The “instruction pointer” register of cpus houses the address of the next instruction to execute. It’s kind of like a bookmark of where the cpu is at in the code (binary code).

Some instructions, like the jump instruction changes the value of the instruction pointer.

One Routine Calling Another

You can group a set of instructions and call it a “routine”. A routine can take arguments and provide a return value. A routine may in turn call other routines.

As one routine calls another, which then calls another, which might call yet another, you need to keep track of the arguments and return values of each. This is done with the help of a stack, which is located in memory.

The “esp” register always points to the top of the stack. The “ebp” register points to the area of the stack where the arguments/locals of the currently executing routine start at.

When the currently executing routine is done, the esp register will point to what was previously the ebp register.
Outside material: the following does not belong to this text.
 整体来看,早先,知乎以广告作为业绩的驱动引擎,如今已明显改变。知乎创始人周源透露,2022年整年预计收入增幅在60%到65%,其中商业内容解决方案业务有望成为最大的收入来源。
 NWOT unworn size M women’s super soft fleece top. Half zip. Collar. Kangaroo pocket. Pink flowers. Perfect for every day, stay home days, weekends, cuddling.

The ebp register will point to the area of the stack where args/locals of the calling routine start at.

This is what allows a routine to call another, which calls another, which calls another, etc. Because every time a routine returns, the ebp register always points to the area of the stack that houses args/locals of the calling routine (the routine that called the returning routine).
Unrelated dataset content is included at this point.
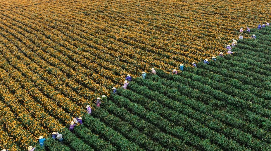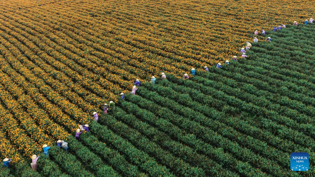 An aerial drone photo taken on Aug. 23, 2025 shows farmers harvesting marigold flowers in Tengchong, southwest China's Yunnan Province. Saturday marks the Chushu of the solar terms. Farmers across the country are busy working in the fields. (Photo by Gong Zujin/Xinhua)

In order for one routine to call another, both routines have to agree on some conventions. Where are the arguments of the callee stored? On the stack? On registers? Which registers? Where is the address that the callee is supposed to return to stored at? In other words, when the callee is done, what should the value of the instruction pointer be? Obviously this needs to be at the address in the caller right after it called the callee, but where was this address stored at? If it was stored in some agreed upon register, the callee can look at that register and set the instruction pointer accordingly once its done.

These conventions that a caller and a callee routine agree to is called a “calling convention”. One example of a calling convention is the cdecl calling convention, which states:

  • the caller pushes arguments to the stack
  • the caller pushes the address to return to to the stack
  • the caller removes arguments from the stack

Checkout cdecl on wikipedia. It has a great example!
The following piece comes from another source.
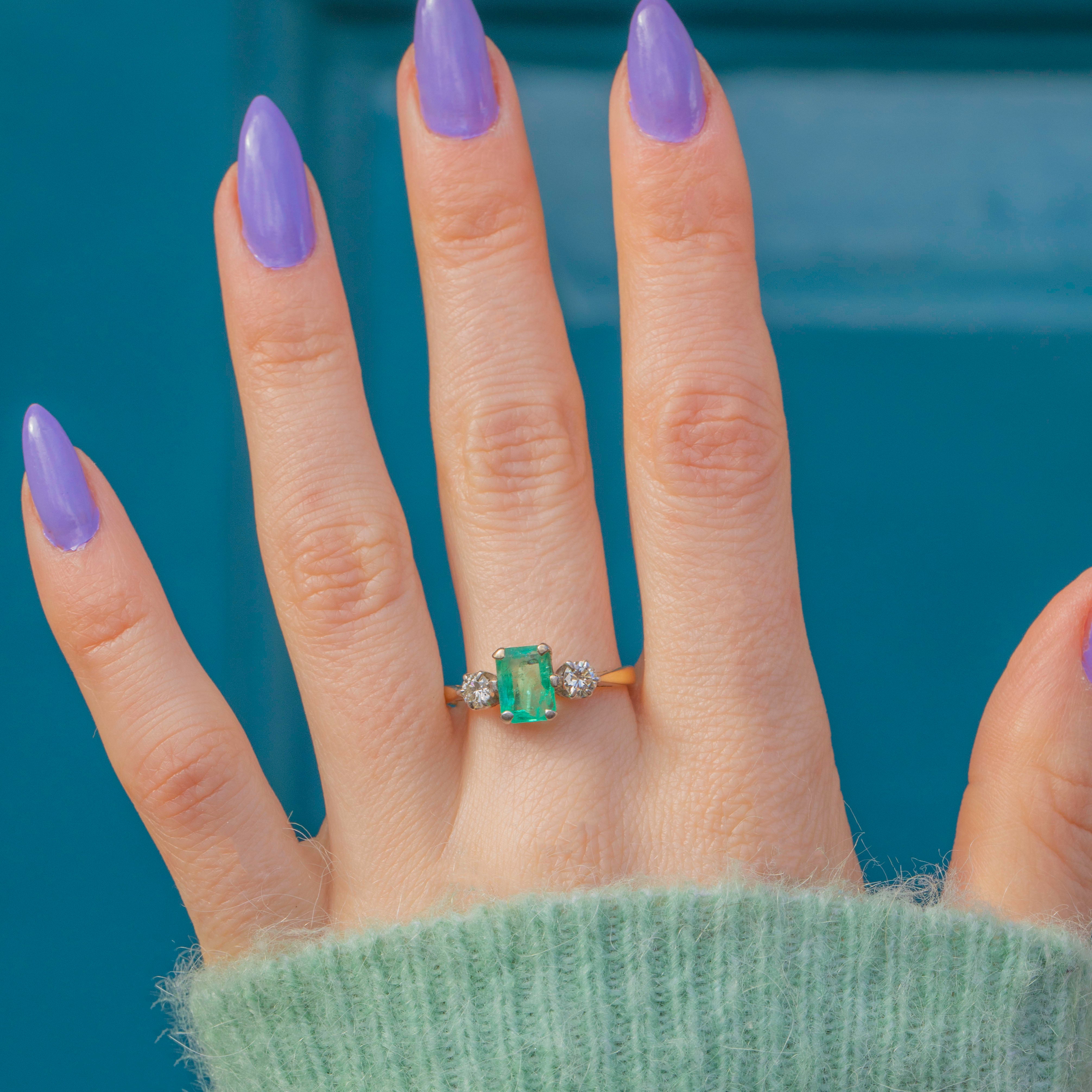 A divine 18ct Gold Emerald and Diamond trilogy ring to adorn your hand! Crafted from an 18ct Gold with Platinum settings, this is a robust piece that you can pop onto your finger for a vibrant pop of colour.

The following instructions are relavant for routines calling other routines:

  • push/pop (pushes/pops values onto the stack)
  • call (pushes next instruction onto stack, then jumps to a new address)
  • ret (pops from stack, sets IP to the popped value…this is how a routine “returns”)

System Calls

Making a system call is a bit different than calling another routine that is a part of your program. You make a system call when you need to access resources (disk, network, etc) that you can only access by asking the operating system.

For example, let’s say you need to read 1000 bytes of an opened file called hamburgers.txt. Reading a file is accessing the disk, thus you need to ask the operating system to do the read for you, thus you need to make a system call.

First, you look up the system call you need to make. There is a system call for reading a file. The documentation for this system call will tell you which registers to store your arguments to (what file you want to read, the offset you want to read, how much you want to read, etc), and which register you can expect the output (the address in your address space where the read bytes are stored at after the OS reads for you).

So you put your arguemnets of the system call in the proper registers, then you execute a trap instruction. When a trap instruction is executed, the cpu goes into privillaged mode, then it looks into the “interrupt vector table”. It looks for an entry in this table for your system call number, and then decided to do the system call or not. If it does, it will execute your read, then store the results in some area of your address space. It will then put the cpu back into non-privillaged mode and set the instruction pointer to be what it was right before the trap instruction was executed.

So you basically make a request, then the cpu goes into privillaged mode, looks at your request, decides whether it wants to do it or not, if it does, it will put your results somewhere, then put the cpu in non-privillaged mode, and only then set the instruction pointer to what it was before the trap instruction.